Los catorce largos años en la presidencia de Francia de François Mitterrand constituyeron el período de mayor corrupción política en la historia de la Quinta República. Entre 1987 y 1989, el Partido Socialista galo se financió con las facturas falsas emitidas por varias empresas de Marsella. En 1993 el primer ministro, Pierre Bérégovoy, fue acusado por un medio de comunicación de recibir un préstamo particular de un millón de francos para la compra de un apartamento, lo que lo arrastró al suicidio. En 1994, otro fiel amigo de Mitterrand, François de Grossouvre, se quitó la vida en el enésimo escabroso suceso. Entre 1983 y 1995, Mazarine Pingeot, amante del presidente, y su hija, residieron en un palacete presidencial próximo al Elíseo con cargo a los presupuestos generales del Estado.

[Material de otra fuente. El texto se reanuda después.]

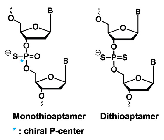 Chemical modification of aptamers can also be envisioned on the phosphodiester linkage instead of at the nucleobase level. Thioaptamers are aptamer derivatives, where one (monothio) or both (dithio) non-bridging phosphodiester oxygens are substituted with sulfur (Figure 11). In the case of monothioaptamers, a chiral center is generated on the phosphor atoms during synthesis, with concomitant formation of diastereoisomers. For dithioaptamers, the backbone phosphor atoms are achiral. Replacing one or more oxygen atoms with sulfur results in altered characteristics of thioaptamers compared to regular oligonucleotides, such as increased nuclease resistance and stronger binding towards protein targets [137]. The latter is linked to the soft anion character of sulfur (compared to the hard anion character of oxygen), which results in a less favorable soft–hard interaction between the sulfur anion and hard cationic counterions surrounding the phosphate backbone, like sodium or potassium [138]. Consequently, upon protein binding, less energy is needed to strip away these counterions from the sulfur anions compared to oxygen, which, in turn, results in the observed enhanced binding affinity of thioaptamers [21]. However, care must be taken when considering these backbone modifications, as a too high substitution ratio of oxygen atoms with sulfur results in non-specific binding interactions, hence, emphasizing the need for selection methods, where the number and position of thiosubstitutions can be controlled. For this purpose, combinatorial- [139], bead-based- [140] and high-throughput [141] selection methods have been described.

Con semejante currículum lo lógico era que el Partido Socialista francés terminara pagándolo en las urnas más pronto que tarde. Y así fue. Las clases medias terminaron emigrando hacia fuerzas políticas conservadoras y muchos trabajadores buscaron soluciones fáciles en la extrema derecha de nuevo cuño. François Hollande, el segundo socialista en alcanzar el poder tras Mitterrand, llegó a la presidencia en mayo del 2012, ya sin complejos liberales. Entre decepcionar a los mercados financieros o a sus electores optó por lo segundo y aquello supuso la firma del certificado de defunción del socialismo francés. Su tímida reforma laboral fue la gota que colmó el vaso y llevó a Francia a una huelga general en 2016 que abrió aún más la puerta al fascista Frente Nacional del clan Le Pen. Hoy, el en otro tiempo todopoderoso partido socialista apenas alcanza el 2 por ciento de los votos y el poder se lo disputan un liberal como Macron que ha sabido aglutinar el voto burgués de centro izquierda y una nostálgica de la xenofobia y del fascismo de Vichy como la antisistema Marine Le Pen. Jean-Luc Mélenchon se queda con los restos de una izquierda que ruge cada vez más tímidamente contra las injusticias del sistema liberal. “Cuando Hollande fue elegido presidente, el Partido Socialista estaba a la cabeza en prácticamente todas las regiones del país, en numerosos departamentos, en grandes ciudades francesas, y tenía mayoría en la Asamblea Nacional, además de una victoria en las presidenciales. Pero en diez años, todo se cayó”, explica Guy Groux, sociólogo y politólogo francés. Una vez más, la historia se repite: cuando la izquierda falla, el populismo y la ultraderecha ocupan su lugar.

El hundimiento del PASOK

Un proceso similar vivió el Movimiento Socialista Panhelénico, más conocido como PASOK, el partido socialdemócrata griego. Tras gobernar el país durante la mayor parte de los años ochenta y noventa, perdió el poder en las elecciones legislativas de 2004, transformándose en el principal partido de la oposición. Aunque cinco años después, en 2009, volvió a ganar los comicios por mayoría absoluta, tras el crack de 2008 entró en franca decadencia en parte por las medidas de austeridad impuestas por los “señores de negro” de Bruselas. El PASOK sufrió un duro golpe electoral, quedando en tercer lugar tras la conservadora Nueva Democracia y la Coalición de la Izquierda Radical. El batacazo fue aún peor en 2015, cuando fue relegado a la última posición del panorama político con apenas un 4,7 por ciento de los votos. La tragedia griega del PASOK constituye la metáfora perfecta del hundimiento de las izquierdas europeas.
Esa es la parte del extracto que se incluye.